Slope and basin clastic reservoirs in sandstones of the Delaware Mountain Group in the Delaware Basin of West Texas and New Mexico contained more than 1.8 billion barrels (Bbbl) of oil at discovery. Recovery efficiencies of these reservoirs have averaged only 14 percent since production began in the 1920s, and, thus, a substantial amount of the original oil in place remains unproduced. Many of these mature fields are nearing the end of primary production and are in danger of abandonment unless effective, economic methods of enhanced oil recovery can be implemented. The goal of this Class III project is to demonstrate that reservoir characterization, using outcrop characterization, subsurface field studies, and other techniques, integrated with reservoir simulation, is a cost-effective way to recover more original oil in place by geologically based field development.

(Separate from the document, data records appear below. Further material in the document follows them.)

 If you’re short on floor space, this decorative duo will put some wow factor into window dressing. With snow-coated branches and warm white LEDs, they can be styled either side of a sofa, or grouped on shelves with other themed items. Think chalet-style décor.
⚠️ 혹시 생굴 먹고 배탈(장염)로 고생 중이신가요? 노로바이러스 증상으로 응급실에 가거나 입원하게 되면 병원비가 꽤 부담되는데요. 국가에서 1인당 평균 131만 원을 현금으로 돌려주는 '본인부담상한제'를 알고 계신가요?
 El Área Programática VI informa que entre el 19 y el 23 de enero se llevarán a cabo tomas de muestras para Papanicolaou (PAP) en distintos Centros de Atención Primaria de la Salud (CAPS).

The project is focused now on reservoir characterization of the East Ford unit (Dutton and others, 1999), a representative Delaware Mountain Group field that produces from the upper Bell Canyon Formation in the Delaware Basin (figure 1). The field, discovered in 1960, is operated by Orla Petco, Inc., as the East Ford unit; it contained an estimated 18.4 million barrels (MMbbl) of original oil in place. The main reservoir in the East Ford unit is the Ramsey sandstone in the upper Bell Canyon Formation (figure 2). Earlier reservoir characterization for this project was conducted on the Ford Geraldine unit (Dutton and others, 1997), which is immediately adjacent to the East Ford unit and produces from a branch of the same Ramsey sandstone channel (figure 3). Abundant subsurface data were available from the Geraldine Ford unit for reservoir characterization, including cores from 83 wells, core analyses from 152 wells, and 3-D seismic over the entire unit. In contrast, the smaller subsurface data base from the East Ford unit is more typical of most Delaware sandstone fields. Reservoir characterization of the East Ford unit has provided an excellent opportunity to test the transferability of the reservoir model and the methodology developed during reservoir characterization of the Ford Geraldine unit to another Ramsey sandstone field.

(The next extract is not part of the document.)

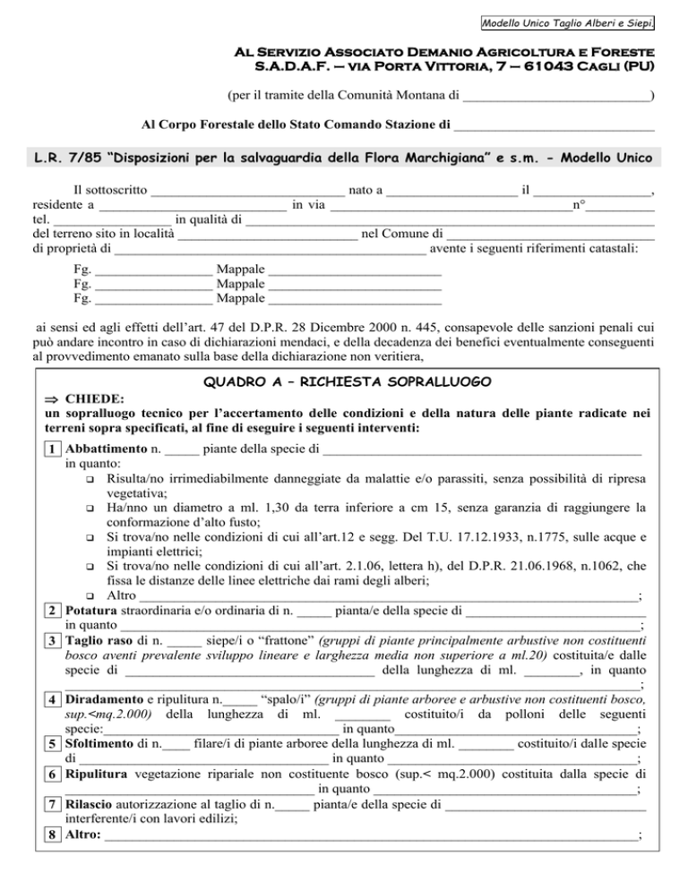 Modello Unico Taglio Alberi e Siepi. Al Servizio Associato Demanio Agricoltura e Foreste S.A.D.A.F. – via Porta Vittoria, 7 – 61043 Cagli (PU) (per il tramite della Comunità Montana di ___________________________) Al Corpo Forestale dello Stato Comando Stazione di _____________________________ L.R. 7/85 “Disposizioni per la salvaguardia della Flora Marchigiana” e s.m. - Modello Unico Il sottoscritto ____________________________ nato a ___________________ il _________________, residente a ___________________________ in via ___________________________________n°__________ tel. _________________ in qualità di ___________________________________________________________ del terreno sito in località __________________________ nel Comune di ______________________________ di proprietà di _____________________________________________ avente i seguenti riferimenti catastali: Fg. _________________ Mappale _________________________ Fg. _________________ Mappale _________________________ Fg. _________________ Mappale _________________________ ai sensi ed agli effetti dell’art. 47 del D.P.R. 28 Dicembre 2000 n. 445, consapevole delle sanzioni penali cui può andare incontro in caso di dichiarazioni mendaci, e della decadenza dei benefici eventualmente conseguenti al provvedimento emanato sulla base della dichiarazione non veritiera, QUADRO A – RICHIESTA SOPRALLUOGO CHIEDE: un sopralluogo tecnico per l’accertamento delle condizioni e della natura delle piante radicate nei terreni sopra specificati, al fine di eseguire i seguenti interventi: 1 Abbattimento n. _____ piante della specie di ______________________________________________ in quanto: Risulta/no irrimediabilmente danneggiate da malattie e/o parassiti, senza possibilità di ripresa vegetativa; Ha/nno un diametro a ml. 1,30 da terra inferiore a cm 15, senza garanzia di raggiungere la conformazione d’alto fusto; Si trova/no nelle condizioni di cui all’art.12 e segg. Del T.U. 17.12.1933, n.1775, sulle acque e impianti elettrici; Si trova/no nelle condizioni di cui all’art. 2.1.06, lettera h), del D.P.R. 21.06.1968, n.1062, che fissa le distanze delle linee elettriche dai rami degli alberi; Altro ________________________________________________________________________; 2 Potatura straordinaria e/o ordinaria di n. _____ pianta/e della specie di __________________________ in quanto ___________________________________________________________________________; 3 Taglio raso di n. _____ siepe/i o “frattone” (gruppi di piante principalmente arbustive non costituenti bosco aventi prevalente sviluppo lineare e larghezza media non superiore a ml.20) costituita/e dalle specie di ____________________________________ della lunghezza di ml. ________, in quanto ___________________________________________________________________________________; 4 Diradamento e ripulitura n._____ “spalo/i” (gruppi di piante arboree e arbustive non costituenti bosco, sup.<mq.2.000) della lunghezza di ml. ________ costituito/i da polloni delle seguenti specie:__________________________________ in quanto___________________________________; 5 Sfoltimento di n.____ filare/i di piante arboree della lunghezza di ml. ________ costituito/i dalle specie di ____________________________________ in quanto ____________________________________; 6 Ripulitura vegetazione ripariale non costituente bosco (sup.< mq.2.000) costituita dalla specie di ____________________________________ in quanto ______________________________________; 7 Rilascio autorizzazione al taglio di n._____ pianta/e della specie di _____________________________ interferente/i con lavori edilizi; 8 Altro: _____________________________________________________________________________; QUADRO B – DENUNCIA INIZIO LAVORI COMUNICA l’inizio dei lavori di: 1 Taglio di n. ______ pianta/e d’alto fusto di ________________________________________ posta/e in: ٱfilare ٱgruppo ٱisolata/e del/dei seguente/i diametro/i: da cm. ___________ a cm. ___________ in quanto risultano secche in piedi per esaurimento del ciclo vegetativo o per cause naturali; 2 Potatura ordinaria di n. _____ pianta/e di ____________________________________________ del/dei seguente/i diametro/i: da cm. ___________ a cm. ___________; 3 Potatura ordinaria o risagomatura di n._____ siepe/i (gruppi di piante principalmente arbustive non costituenti bosco aventi prevalente sviluppo lineare e larghezza media non superiore a ml.20) della lunghezza di ml.________ composta da ___________________________________________________; Si allegano: planimetria catastale in scala; altro di n. _____ pianta/e di __________________________________________ abbattuta/e da 4 Rimozione _______________________________________________ avversità atmosferiche o cause naturali, poste in: ٱbosco ٱgruppo ٱisolata/e 5 Altro: _______________________________________________________________________________________________ _______________________________________________________________________________________ DICHIARA che i lavori avranno inizio non prima di 30 gg. dalla data di arrivo al protocollo della presente denuncia (e quindi dal _______________________) salvo diversa indicazione che il vostro Ufficio vorrà comunicarmi, e che gli stessi termineranno entro un anno. Si allegano: □ Planimetria catastale; □ Altro: _______________________________________________ Solo per l’autorizzazione all’abbattimento di cui al punto 7 (taglio di piante interferenti con attività edilizia): Atto a firma del Dirigente del Servizio Urbanistica del Comune in seno al quale dovrà essere comprovata l’effettiva necessità all’esecuzione dei lavori predetti e dichiarato che, per la realizzazione degli stessi, non esistono ulteriori soluzioni, tecnicamente valide, diverse da quella comportante l’abbattimento di piante protette (da specificare nel numero e nella specie); Planimetria di progetto vistata dal predetto Dirigente, dove saranno evidenziate le piante protette i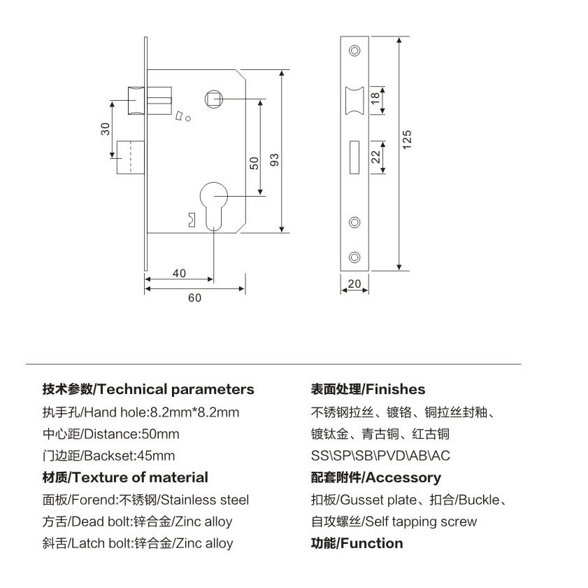 Small 50 stainless steel lock body 125mm 50 lock body 5040 indoor small 50 lock body

Upper Permian (Guadalupian) Delaware Mountain Group strata compose a 3,500-ft-thick succession of slope and basin deposits in the Delaware Basin that are important contributors to Permian Basin production. Production from the Ford Geraldine and East Ford units and other upper Bell Canyon fields in the Delaware Basin occurs from the distal (southwest) ends of east-dipping, northeast-oriented linear trends of thick Ramsey sandstone deposits (figure 4). Most hydrocarbons in these fields are trapped by structurally updip facies changes from higher permeability reservoir sandstones to low permeability siltstones (Dutton and others, in press).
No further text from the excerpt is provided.